Photo Courtesy of Lesley Kinzel

Seven years ago, I found myself at the base of a mountain in New Hampshire. A group of us were going on a moderate hike ― me, my then-spouse, my father, and some family friends. The hike would end at the top of the mountain, where we would be rewarded with a gorgeous view and a picnic lunch. It was a hike that said family friends had done many times. Aside from myself and my ex, everyone here was over 60.

We walked through lush woods along a gently sloping trail that grew steeper. Did I mention that I have asthma? I do, and while this was part of the reason for my anxiety about this hike, it wasn’t the core of it.

Although I exercised regularly, I just wasn’t “good” at inclines. I got winded quickly. Oddly, I didn’t blame the asthma for this. I blamed myself. I blamed my fat body.
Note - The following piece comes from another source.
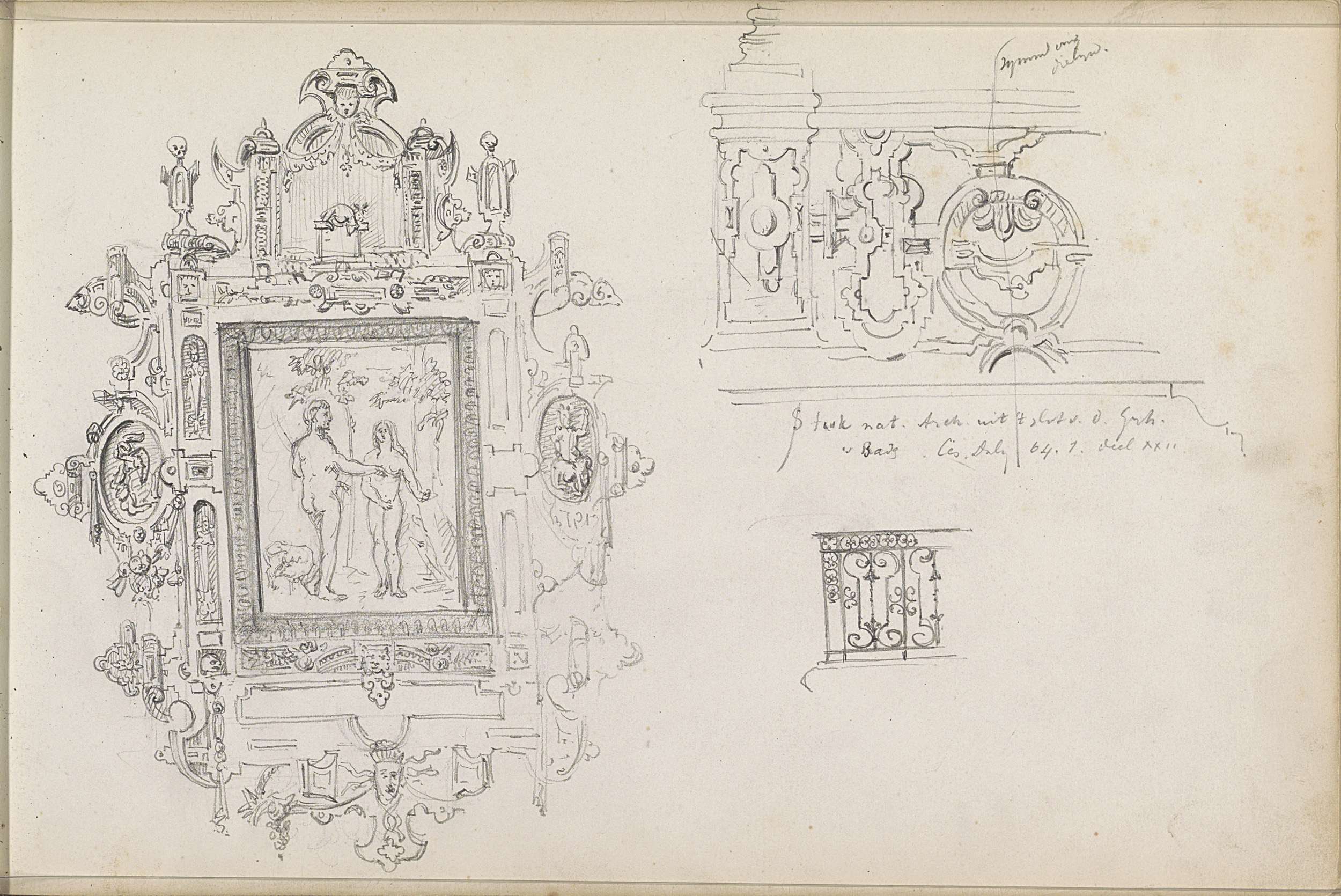 Voorstelling van Adam en Eva in ornamentele omlijsting
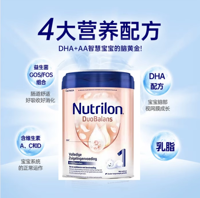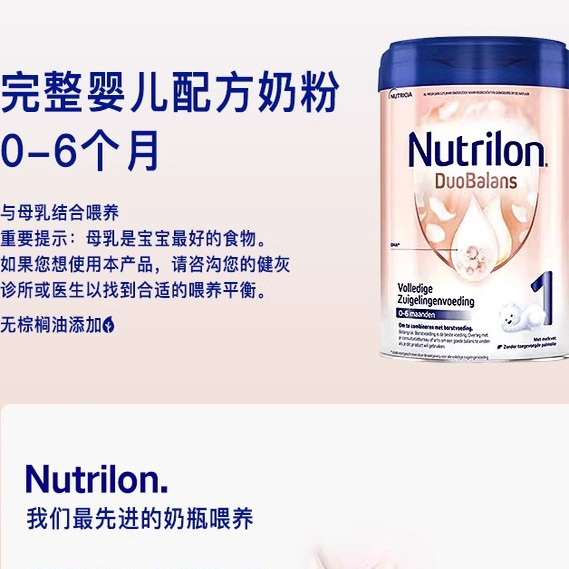 罐 6个月宝宝奶粉诺优能奶粉婴幼儿奶粉800g 荷兰牛栏白金版 1段0

I’d spent weeks before this particular trip amending my usual gym routine to include ever-increasing inclines on the treadmill, trying to build my stamina for the climb. It didn’t matter. Twenty minutes into the hike, I was badly wheezing.

I lagged behind the group. Eventually, one of the family friends fell back and paused with me. He put a hand on my shoulder, looked me in the eyes, and quietly asked how I was doing. I didn’t answer. His kindness and subtlety almost made me sob, as if everyone in the group and, for that matter, every person passing us on the heavily trafficked trail, wasn’t aware that I just couldn’t do this.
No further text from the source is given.